In the first quarter of 2021, unemployment was 6.3%. This is a far cry from the 14.7% we saw in April 2020, but it’s still far worse than the 3.5% in February 2020. 

While many homeowners have been fortunate enough to remain employed, many others have not been able to keep their jobs. Some real estate investors have also struggled with unemployed renters unable to pay rent, which the investors often need to cover the mortgages on those investment properties.

So if you find yourself unable to pay your mortgage, you’re not alone. And you need to know that you have options.  

Option 1: Request a Forbearance

Mortgage loan service providers understand the crisis we’re in. And they want to help you because no one wants to repeat the mass foreclosures of the Great Recession. 

Contact your service provider (the company you make mortgage payments to), and ask about your forbearance options. Service providers are being flexible, so you might be able to make partial payments or even skip payments for several months. In most cases, the missed payments will be added to the end of your loan term, so you won’t be hit with a large balloon payment. 

Make sure you understand the repayment terms and get the agreement in writing, signed by all parties.

Option 2: Refinance the Mortgage 

A refinance is when you pay off your existing mortgage loan with a brand new mortgage loan. And with interest rates at historic lows, now might be a great time to refinance! 

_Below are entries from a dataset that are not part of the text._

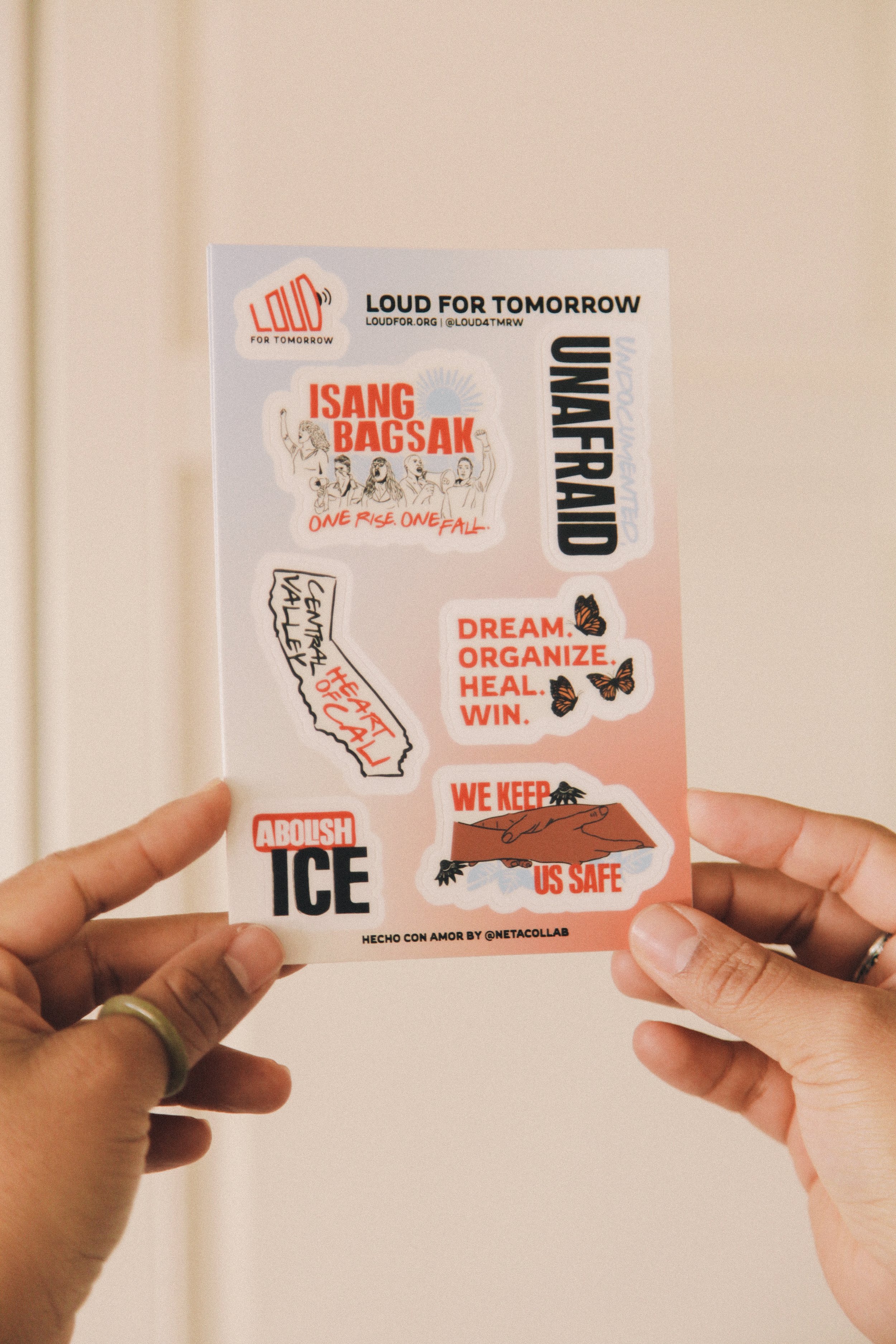 Neta collaborated with the LOUD team to release a series of merch, including a custom t-shirt, tote, and sticker pack. Neta photographed the merch and provided creative direction.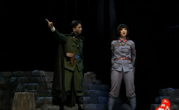 我老婆是文工团的演员,近来她们团里为迎接建军节,正在赶排一部话剧“红魂”,讲的是苏区沦陷后几个女红军的遭遇。我老婆扮演的是一个漂亮的红军女政委,同反动民团战斗时弹尽粮绝,用大刀与敌人搏斗力竭被俘,被五花大绑游街示众后押到大土豪劣绅家里关了起来,民团团总看女政委漂亮,没舍得杀头,妄想娶作姨太太,被我老婆臭骂了一顿,于是恼羞成怒,对女政委酷刑拷打,并威胁要扒光她衣服示众,我老婆坚贞顽强,眼看就要受辱,幸得一混在土毫府中当烧饭师傅的革命群众相救,松绑后趁天黑逃了回去继续同敌人战斗。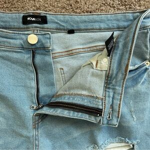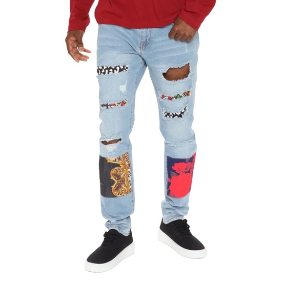 Fashion Nova Men jeans, Fashion Nova patchwork skinny jeans, men’s size 38 jeans, medium wash blue jeans, ripped skinny jeans, distressed patchwork denim, streetwear jeans for men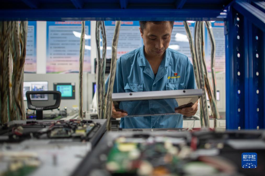 馬耀鋒在檢查動(dòng)車(chē)組故障配件的修復情況(9月27日攝)。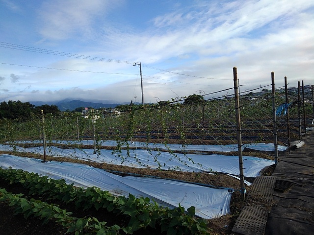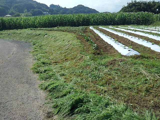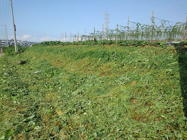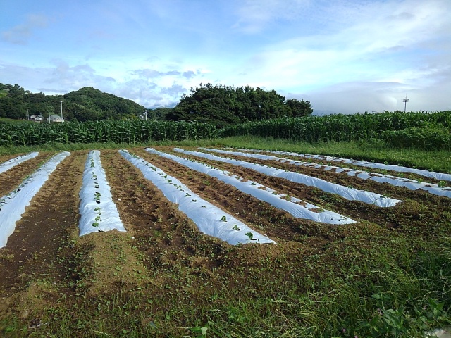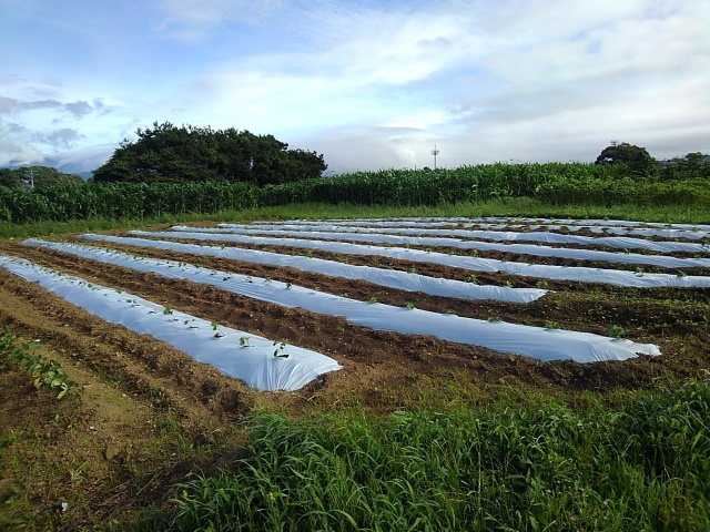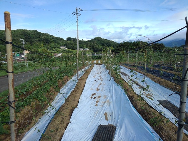 最大のイベント七夕祭りガイドを終わってやっと通常に生活に戻りました。さっそく自然薯圃場の蔓の養生を実施しました。昨日の強風で畦間の防草シートが数か所捲れていましたので修復しました。順調に生育しておりホットしています。第3圃場の黒豆もしっかり活着していました。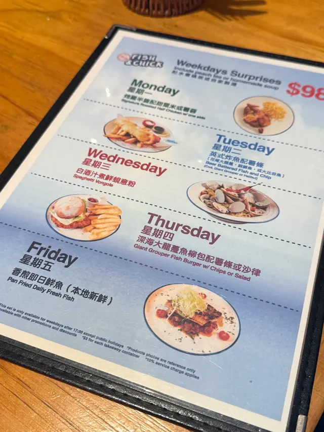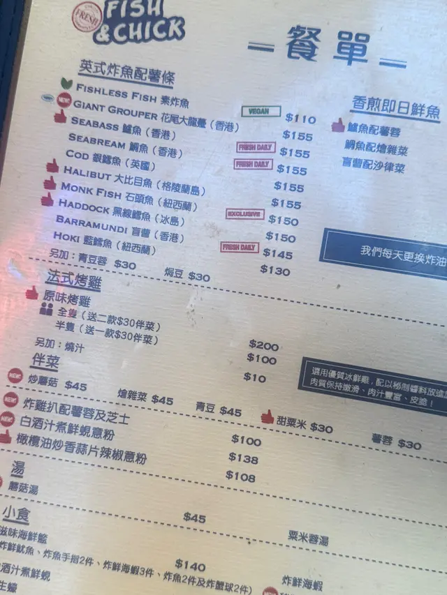 即叫即做炸魚😍 Fish & Chick (禧利街) 2025-09-29係上環經過呢間炸魚店,香港好少炸魚鋪頭就同朋友入去試下😬睇menu 好多款魚揀,我地就試下龍躉,因為我地都中意厚肉,店員都好好問我地中意厚身定薄身😍之後叫左個每日精選燒雞加薯蓉,98蚊好抵食甘😂😂再加多個小食-白酒煮蜆個炸魚薯條$155- 食落好好食,個炸粉唔厚又脆😍魚肉好厚實,無諗過龍躉炸魚係甘好食😋個薯條都係新鮮炸,好食,最重要食落口一d都唔覺得好油白酒煮蜆$120-d蜆又多又大隻,味道岩岩好,隻隻都好鮮甜又無沙😋起碼有十幾二十隻燒雞相比炸魚既就普通啲,燒得比較乾身,唔夠juice,但跟餐既粟米湯好好飲,會飲得出佢將新鮮粟米碎煲出泥既湯👍🏻👍🏻👍🏻👍🏻…查看更多+ 2以上食记乃用户个人意见 , 并不代表OpenRice之观点。赞好分享即叫即做炸魚😍 Fish & Chick (禧利街) https://s.openrice.com/QrbT0BvrU00检举 张贴 评分5味道5环境5服务5卫生5抵食推介美食花尾大龍躉用餐途径堂食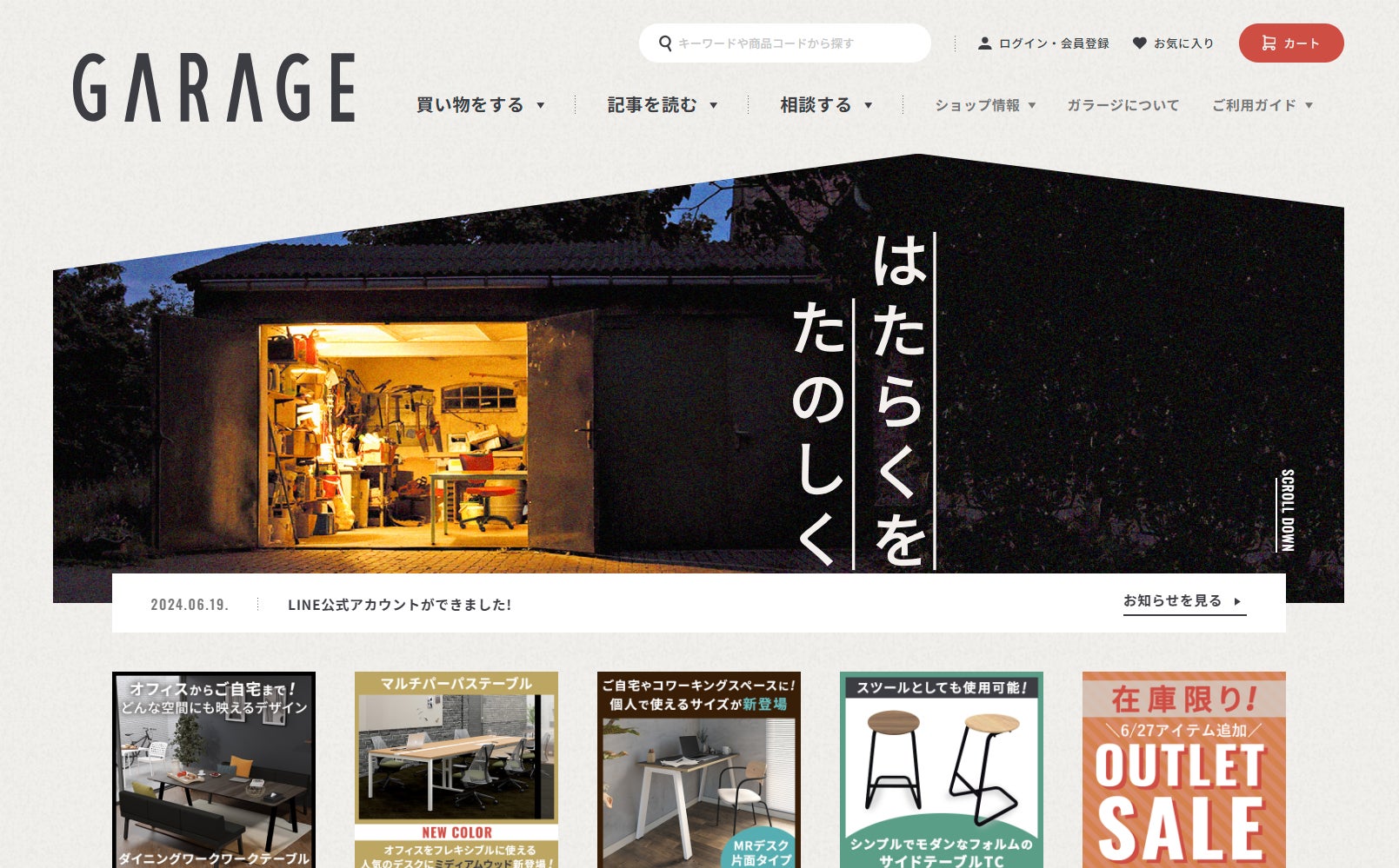2024年に25周年を迎えたプラス様のECサイト「Garage(ガラージ)」は、「はたらくをたのしく」をコンセプトに、約1万点におよぶ機能性×耐久性を追求したアイテムを販売しています。2018年には、旧ECサイトでのWeb解析のしにくさやサイトの管理のしにくさ、業務や作業の煩雑さなど様々な課題を解決するため、複数のECカートの中から最適なEC-CUBEを選択しリニューアルされました。現在は、ECサイトとブランドサイトの顔をあわせ持ち、ECサイトをコアとする実店舗とのOMOをEC-CUBEを活用し実現できたことで、ますます多くのファン顧客を獲得しています。

The lower interest rate alone will lower your monthly payment. And you can reset the loan term, which will spread your balance out over more months and reduce the monthly payment even further.

Option 3: Sell the House

Selling the home might not be the right move for everyone, but for those with a fair amount of equity in the home, it can be a perfect solution. 

By selling the home, you can pay off your expensive mortgage and move into something more affordable. Maybe a smaller home or a home in an area with a lower cost of living.  

A 2020 analysis found that the average homeowner in the Bay Area is sitting on $600,000 to a million dollars in equity. Selling the house allows you to unlock that equity.

With so many companies offering remote working opportunities going forward, proximity to the office is no longer as important as it used to be. Instead of staying in the city to be close to your next job, you might be able to move further out of the city into a substantially more affordable area.

Do You Need Help?

The real estate experts at Sequoia real estate want to help homeowners in need. If you can’t pay your mortgage, you can contact us for a free consultation. Even if you’re not planning to sell, our qualified agents can advise you as you work with your loan service provider to explore your options.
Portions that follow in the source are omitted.